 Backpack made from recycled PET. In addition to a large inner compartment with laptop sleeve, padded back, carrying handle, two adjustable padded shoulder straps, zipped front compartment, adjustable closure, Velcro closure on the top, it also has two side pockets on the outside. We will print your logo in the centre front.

..........

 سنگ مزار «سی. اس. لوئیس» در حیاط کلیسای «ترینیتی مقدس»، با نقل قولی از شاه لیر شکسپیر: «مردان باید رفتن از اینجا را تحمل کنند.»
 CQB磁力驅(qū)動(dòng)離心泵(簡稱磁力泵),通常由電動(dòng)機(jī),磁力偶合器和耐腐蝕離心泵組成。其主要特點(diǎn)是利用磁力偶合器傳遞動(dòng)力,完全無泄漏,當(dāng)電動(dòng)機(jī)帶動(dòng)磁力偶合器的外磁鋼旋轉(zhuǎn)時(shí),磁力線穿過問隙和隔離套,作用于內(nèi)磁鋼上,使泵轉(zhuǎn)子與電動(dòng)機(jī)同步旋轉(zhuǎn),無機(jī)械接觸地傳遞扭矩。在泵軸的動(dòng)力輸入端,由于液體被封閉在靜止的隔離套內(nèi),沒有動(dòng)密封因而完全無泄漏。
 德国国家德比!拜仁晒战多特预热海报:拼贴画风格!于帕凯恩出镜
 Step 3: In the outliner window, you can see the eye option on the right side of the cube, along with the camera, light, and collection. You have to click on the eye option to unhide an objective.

..........

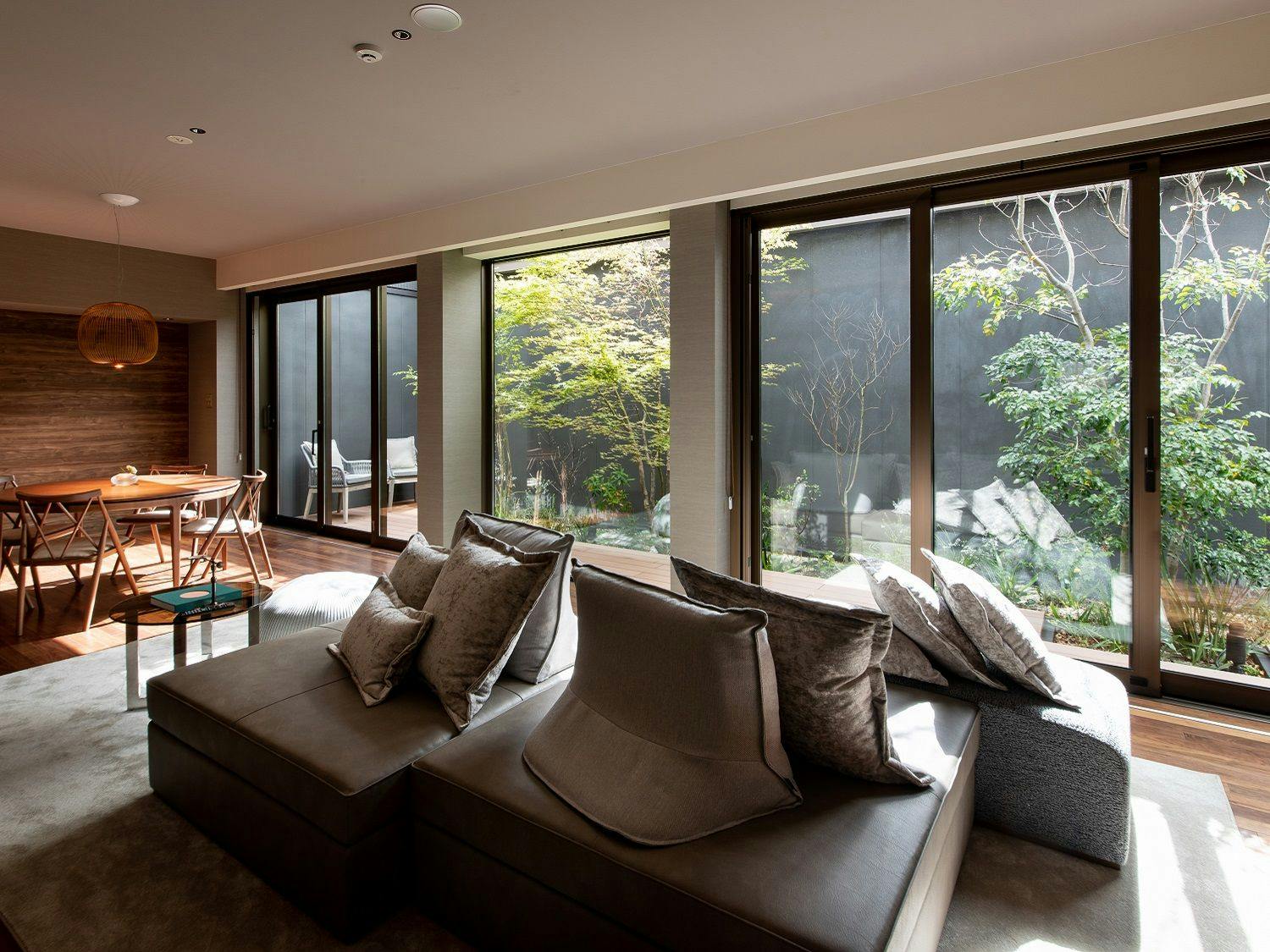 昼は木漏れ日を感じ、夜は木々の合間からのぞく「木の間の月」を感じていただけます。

..........

**Your task**
Reprint exactly the lines above that start at the one with "در حیاط کلیسای" and end at the one with "Step 3: In the", keeping both and adding none.

**Exercise result**
 سنگ مزار «سی. اس. لوئیس» در حیاط کلیسای «ترینیتی مقدس»، با نقل قولی از شاه لیر شکسپیر: «مردان باید رفتن از اینجا را تحمل کنند.»
 CQB磁力驅(qū)動(dòng)離心泵(簡稱磁力泵),通常由電動(dòng)機(jī),磁力偶合器和耐腐蝕離心泵組成。其主要特點(diǎn)是利用磁力偶合器傳遞動(dòng)力,完全無泄漏,當(dāng)電動(dòng)機(jī)帶動(dòng)磁力偶合器的外磁鋼旋轉(zhuǎn)時(shí),磁力線穿過問隙和隔離套,作用于內(nèi)磁鋼上,使泵轉(zhuǎn)子與電動(dòng)機(jī)同步旋轉(zhuǎn),無機(jī)械接觸地傳遞扭矩。在泵軸的動(dòng)力輸入端,由于液體被封閉在靜止的隔離套內(nèi),沒有動(dòng)密封因而完全無泄漏。
 德国国家德比!拜仁晒战多特预热海报:拼贴画风格!于帕凯恩出镜
 Step 3: In the outliner window, you can see the eye option on the right side of the cube, along with the camera, light, and collection. You have to click on the eye option to unhide an objective.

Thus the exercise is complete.